▶ _Provided data_
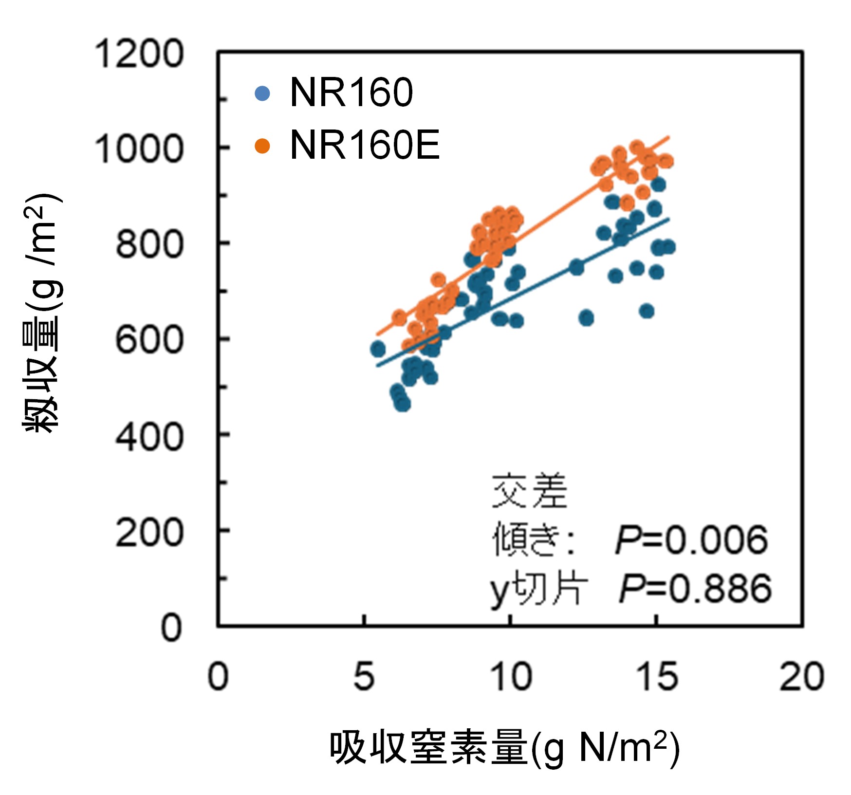 イネは異なる窒素施肥量 (0、4.8、9.6 g N/m2) と植栽密度 (18.5、22.2、37.0、44.4 株/m2) を組み合わせた12条件で栽培し、各系統48データセットについて完熟期の吸収窒素量と籾収量を評価しました。両系統の回帰直線の傾きを共分散分析で比較した結果、NR160Eの傾きはNR160より有意に大きくなりました。このことから、NR160Eは同じ吸収窒素量でより多くの籾収量を生産でき、窒素に対する収量反応性が高いことが示されました。
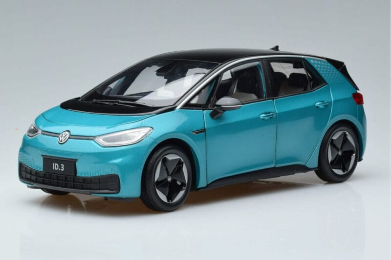 The Volkswagen ID.3 Grün FAW 1:18 is crafted from Metall. Die-cast zinc alloy body with detailed plastic parts, rubber tires, and high-quality paint finish. Die-cast models are known for their weight, durability, and realistic feel.
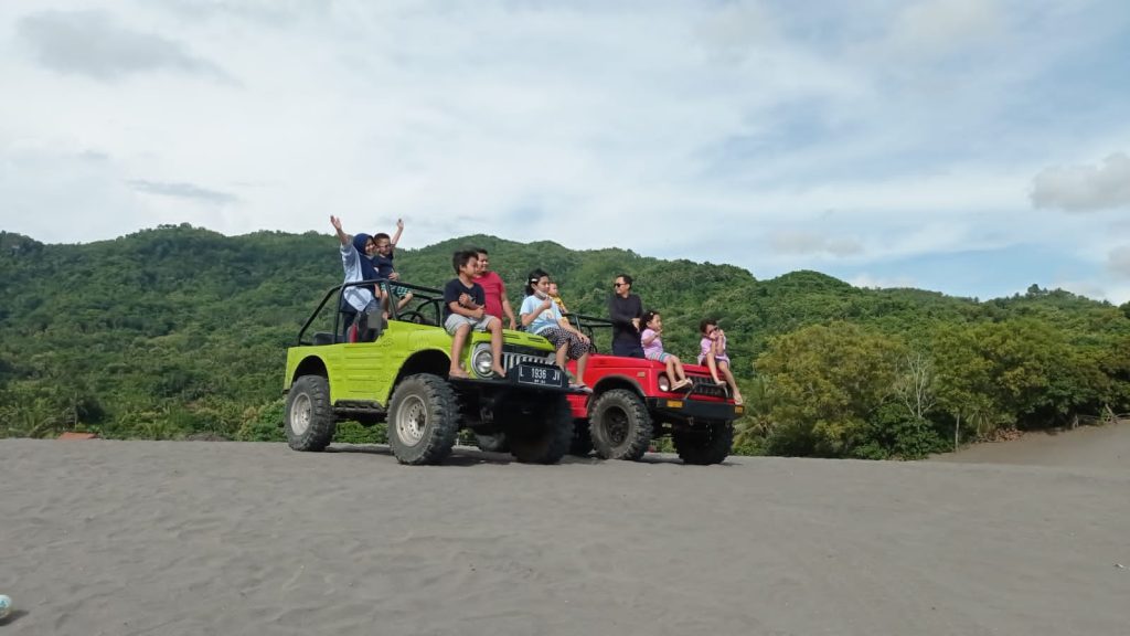 Jeep wisata di Pantai Parangtritis adalah pengalaman seru bagi pengunjung yang ingin menjelajahi keindahan pantai yang eksotis dengan gaya petualangan. Di sini, Anda bisa menyewa jeep khusus yang dilengkapi untuk menjelajahi pasir pantai yang luas dan berkeliling melintasi tebing-tebing batu yang megah. Selain menikmati pemandangan alam yang spektakuler, Anda juga dapat merasakan sensasi menyenangkan dari mengendarai jeep melintasi medan berpasir. Selain itu, beberapa operator tur juga menawarkan paket perjalanan yang melibatkan aktivitas lain seperti menikmati sunset atau berkunjung ke objek wisata terdekat di sekitar Pantai Parangtritis.

▶ _Required action_
Leaving the pictures aside, repeat the data above exactly.

▶ _Result of this task_
 イネは異なる窒素施肥量 (0、4.8、9.6 g N/m2) と植栽密度 (18.5、22.2、37.0、44.4 株/m2) を組み合わせた12条件で栽培し、各系統48データセットについて完熟期の吸収窒素量と籾収量を評価しました。両系統の回帰直線の傾きを共分散分析で比較した結果、NR160Eの傾きはNR160より有意に大きくなりました。このことから、NR160Eは同じ吸収窒素量でより多くの籾収量を生産でき、窒素に対する収量反応性が高いことが示されました。
 The Volkswagen ID.3 Grün FAW 1:18 is crafted from Metall. Die-cast zinc alloy body with detailed plastic parts, rubber tires, and high-quality paint finish. Die-cast models are known for their weight, durability, and realistic feel.
 Jeep wisata di Pantai Parangtritis adalah pengalaman seru bagi pengunjung yang ingin menjelajahi keindahan pantai yang eksotis dengan gaya petualangan. Di sini, Anda bisa menyewa jeep khusus yang dilengkapi untuk menjelajahi pasir pantai yang luas dan berkeliling melintasi tebing-tebing batu yang megah. Selain menikmati pemandangan alam yang spektakuler, Anda juga dapat merasakan sensasi menyenangkan dari mengendarai jeep melintasi medan berpasir. Selain itu, beberapa operator tur juga menawarkan paket perjalanan yang melibatkan aktivitas lain seperti menikmati sunset atau berkunjung ke objek wisata terdekat di sekitar Pantai Parangtritis.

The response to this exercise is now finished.